At the drama school, I learned my first Shakespearean monologue when I was only four years old. At that age, I didn’t understand the complexities of ancient prose or iambic pentameter. Instead, I was drawn to the rhythm and sounds of the words. To everyone’s surprise, I recited the Witches’ Song from Macbeth, which starts with, “Double, double toil and trouble, fire burn and cauldron bubble…
It was hard for anyone to imagine that I could master something complex and reproduce it, but that ability has proved beneficial throughout my lifetime.
In a performance that felt incredibly authentic at just four years old, I was deeply moved by my mother’s portrayal of Laurey in Oklahoma!, and by fellow student Michael Ansara’s intense portrayal of the villain Jud. When my mother began to scream for help during the scene, I became so emotionally overwhelmed that I needed to be removed from the room. It wasn’t until Michael comfortingly explained that it was all just a part of the play that I managed to regain my composure.
It was Michael who accidentally set off a chain of events leading Mom to decide to leave her husband after months of conflict. Chris, being possessive, lost control when he saw a slightly intoxicated Michael flirting with Mom at a party. He became aggressive and shook her violently, causing her fear that her neck would break. The argument at home escalated, with Chris forcing Mom against a wall and tightening his grip around her throat. In his enraged state, it was only his affection for the children, particularly Cher, that prevented him from going too far.
Shortly following her split with Chris, she encountered her one true love and third husband, a struggling actor named E.J. ‘John’ Southall. Charmingly handsome, financially strapped, and sun-kissed, this Texan charmer, who is also the only man I consider my father, was and remains the man I think of in that regard.
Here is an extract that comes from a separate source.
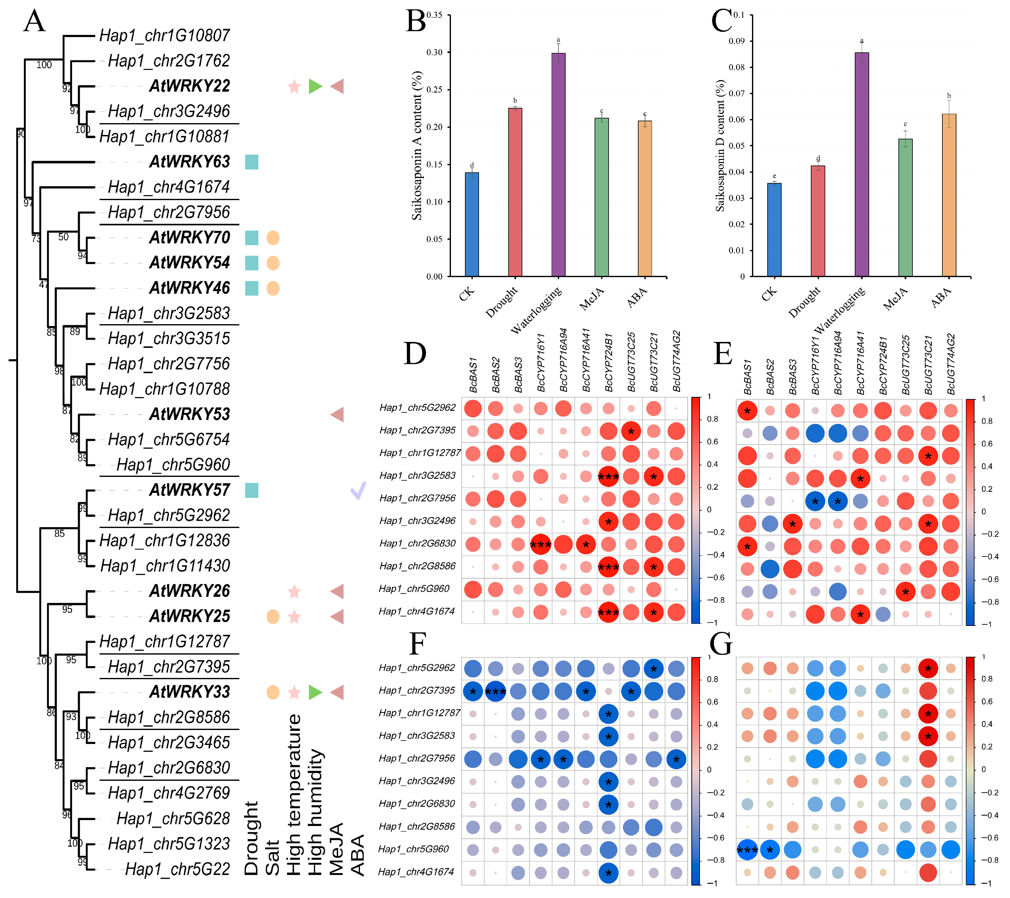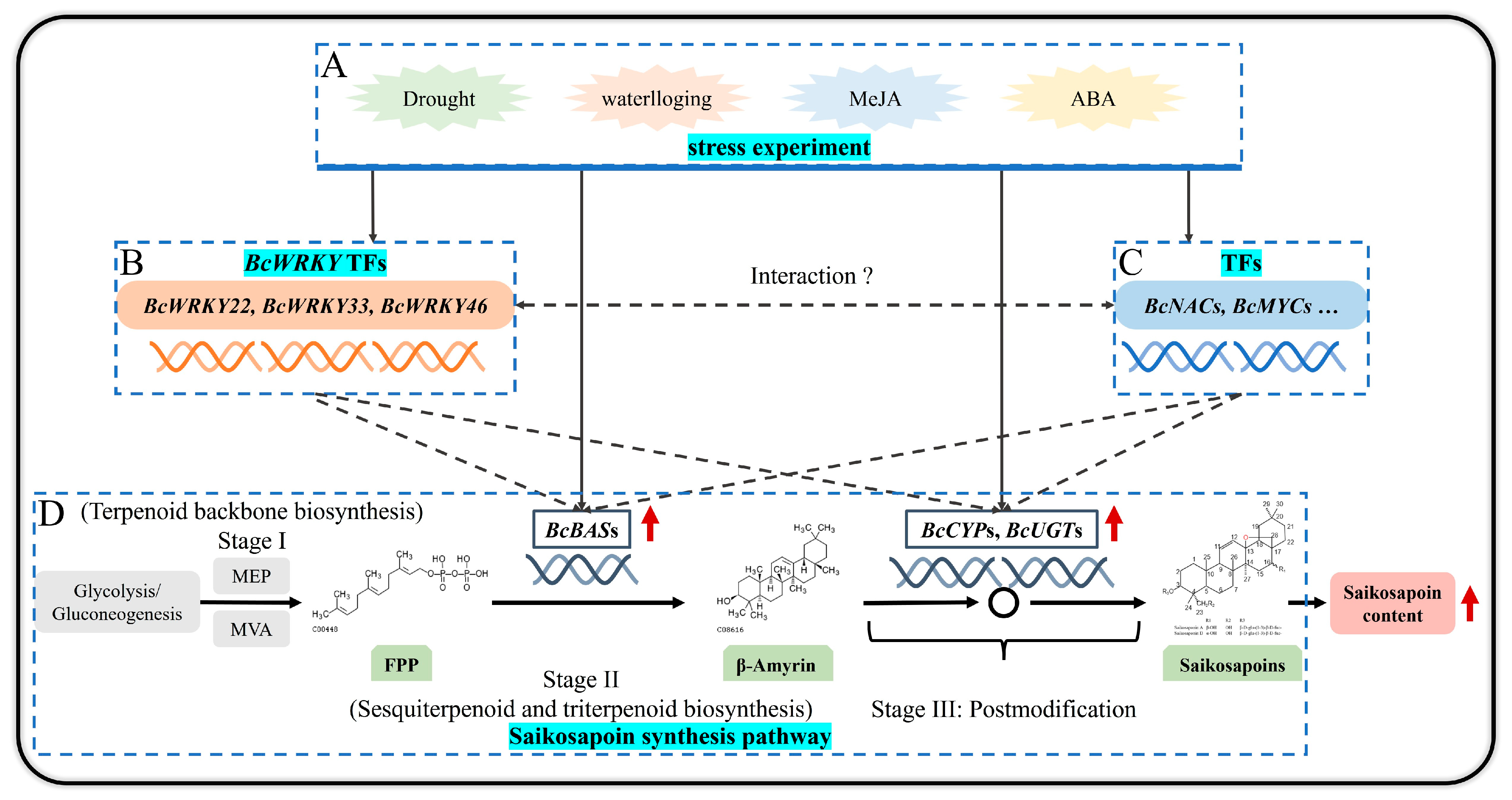 2.7. Expression Profiling of BcWRKYs and Saikosaponin Biosynthetic Genes Under Abiotic Stress by qRT-PCR

After my beloved sister Gee (Georganne) arrived in September 1951, it was our father who recognized and addressed my pain from no longer being an only child.
He expressed to me that he didn’t understand the appeal of the new baby, as all it seemed to do was cry. He found this unenjoyable, but since they had her, they might as well give her time to grow and develop. Then, he suggested we go out for ice cream instead.
In the first year of Gee’s life, we were all filled with joy, yet Daddy’s alcohol consumption began causing issues. His behavior escalated into disturbing confrontations with Mom, occasionally leading to physical violence.
As a lifestyle expert, I’d rephrase it as follows: When I noticed he was heading towards that turbulent phase, I’d attempt to divert his attention by sitting on his lap, inviting him to join me outside, or engaging him in conversation. If none of these strategies worked, I would subtly retreat and blend into the background, hoping to become unnoticeable. From my bed, I’d sit quietly, my nerves jangling as I listened to my parents argue just beyond the closed door.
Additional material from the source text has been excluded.